> [MATERIAL TO PROCESS]:
-=-=-=-=-

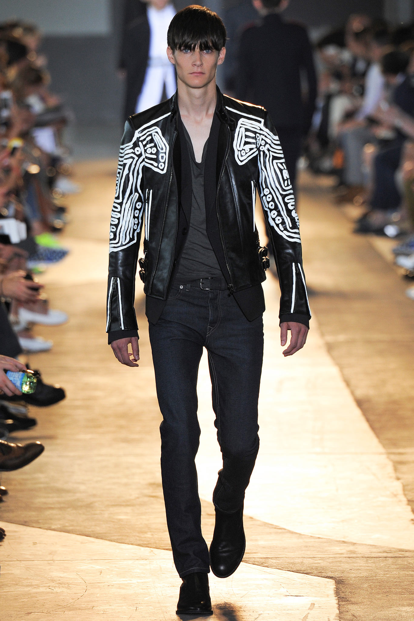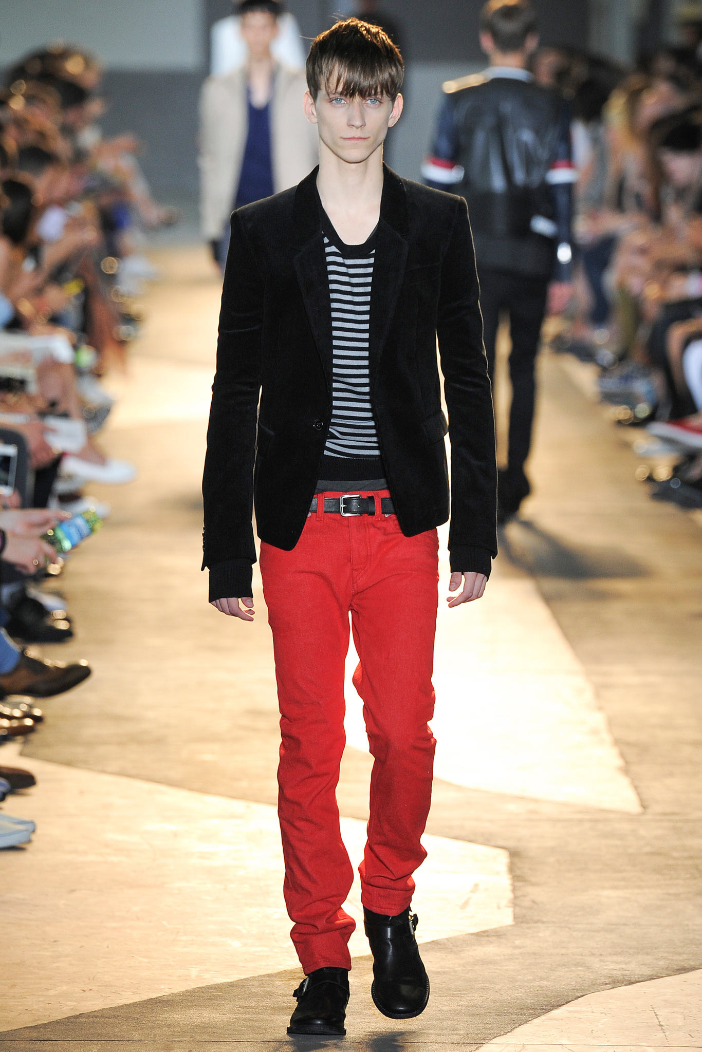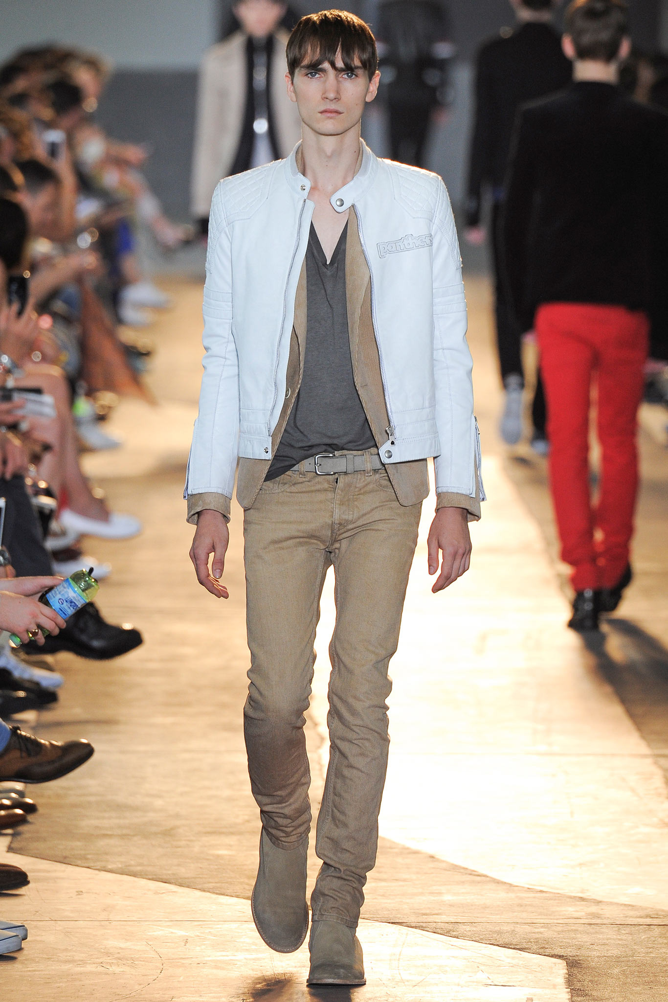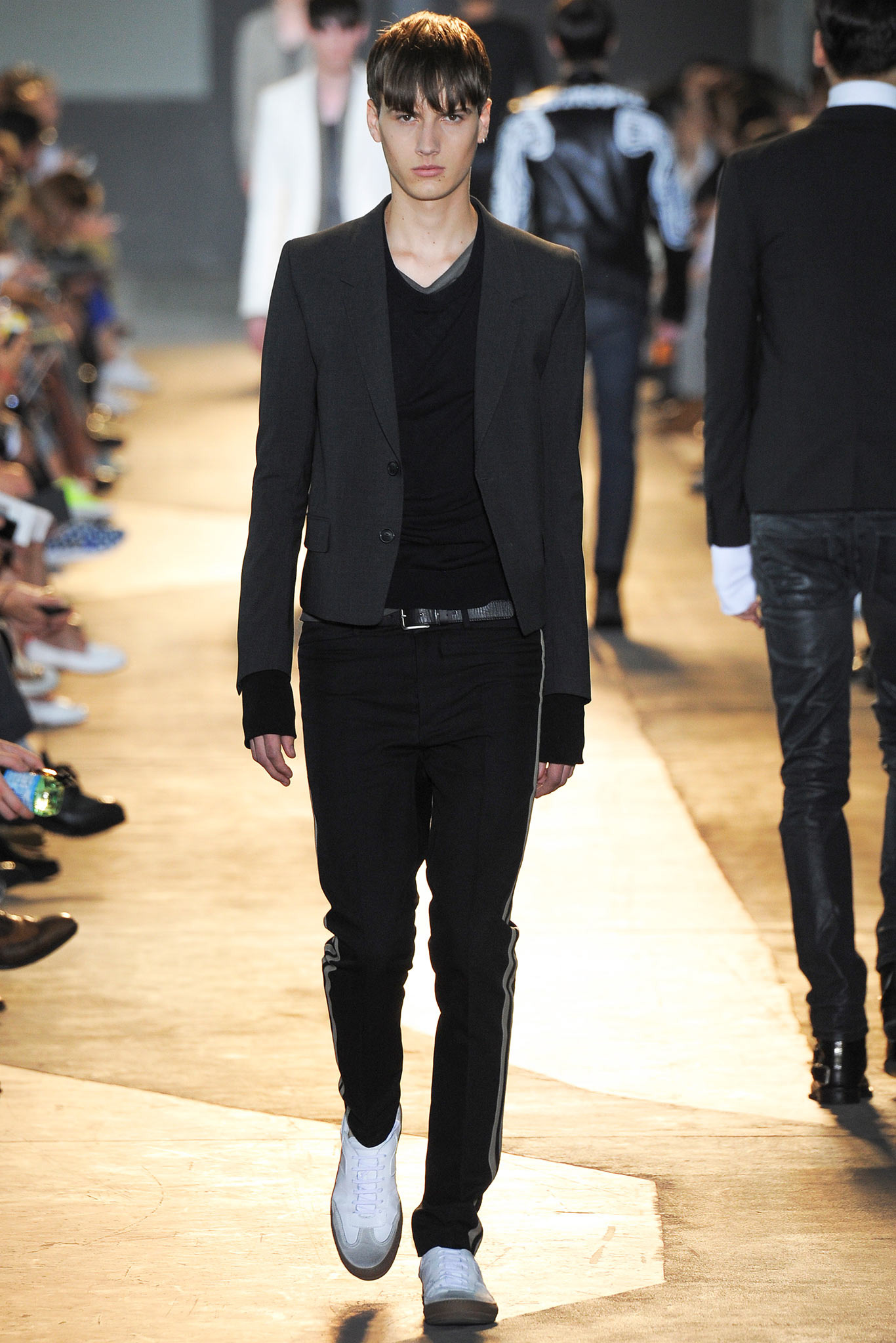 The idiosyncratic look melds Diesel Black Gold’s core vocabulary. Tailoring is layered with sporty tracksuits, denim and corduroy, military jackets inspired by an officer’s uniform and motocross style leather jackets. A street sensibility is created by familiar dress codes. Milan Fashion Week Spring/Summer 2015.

-=-=-=-=-

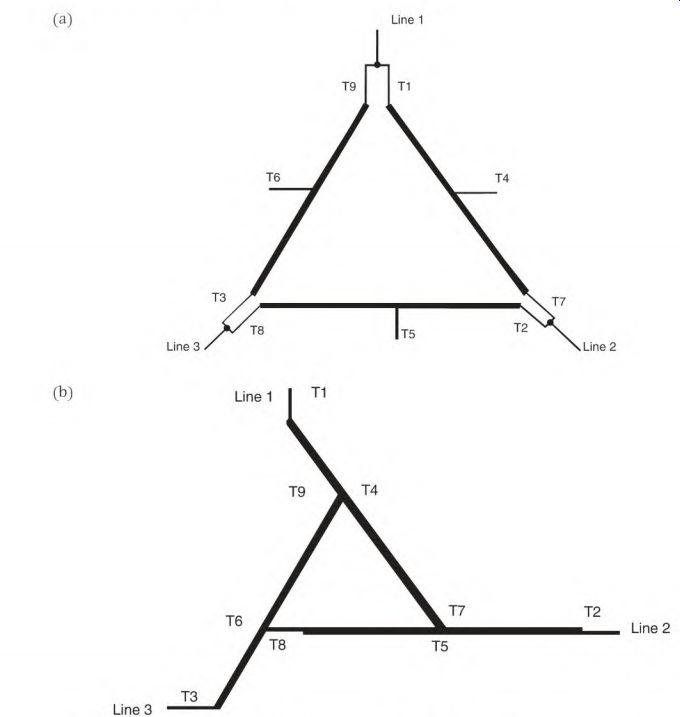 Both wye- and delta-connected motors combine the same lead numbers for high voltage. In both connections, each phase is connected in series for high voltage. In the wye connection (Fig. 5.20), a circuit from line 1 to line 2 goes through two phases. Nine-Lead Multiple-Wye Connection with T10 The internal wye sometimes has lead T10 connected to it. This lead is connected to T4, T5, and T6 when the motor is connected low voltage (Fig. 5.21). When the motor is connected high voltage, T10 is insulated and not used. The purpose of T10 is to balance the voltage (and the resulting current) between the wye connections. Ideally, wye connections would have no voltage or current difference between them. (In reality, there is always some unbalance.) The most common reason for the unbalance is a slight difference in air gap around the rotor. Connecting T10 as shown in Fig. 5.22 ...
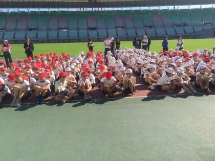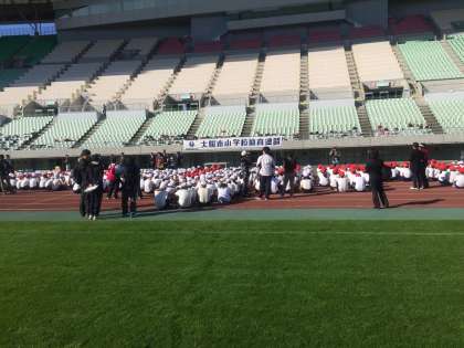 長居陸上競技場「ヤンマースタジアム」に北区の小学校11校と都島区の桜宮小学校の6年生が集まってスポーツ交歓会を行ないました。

-=-=-=-=-

> [ASSIGNED TASK]: What you return from the records above should be exactly everything from the line with "Both wye- and" down to the line with "長居陸上競技場「ヤンマースタ", both kept, and no pictures.

> [PROBLEM SOLUTION]:
 Both wye- and delta-connected motors combine the same lead numbers for high voltage. In both connections, each phase is connected in series for high voltage. In the wye connection (Fig. 5.20), a circuit from line 1 to line 2 goes through two phases. Nine-Lead Multiple-Wye Connection with T10 The internal wye sometimes has lead T10 connected to it. This lead is connected to T4, T5, and T6 when the motor is connected low voltage (Fig. 5.21). When the motor is connected high voltage, T10 is insulated and not used. The purpose of T10 is to balance the voltage (and the resulting current) between the wye connections. Ideally, wye connections would have no voltage or current difference between them. (In reality, there is always some unbalance.) The most common reason for the unbalance is a slight difference in air gap around the rotor. Connecting T10 as shown in Fig. 5.22 ...
 長居陸上競技場「ヤンマースタジアム」に北区の小学校11校と都島区の桜宮小学校の6年生が集まってスポーツ交歓会を行ないました。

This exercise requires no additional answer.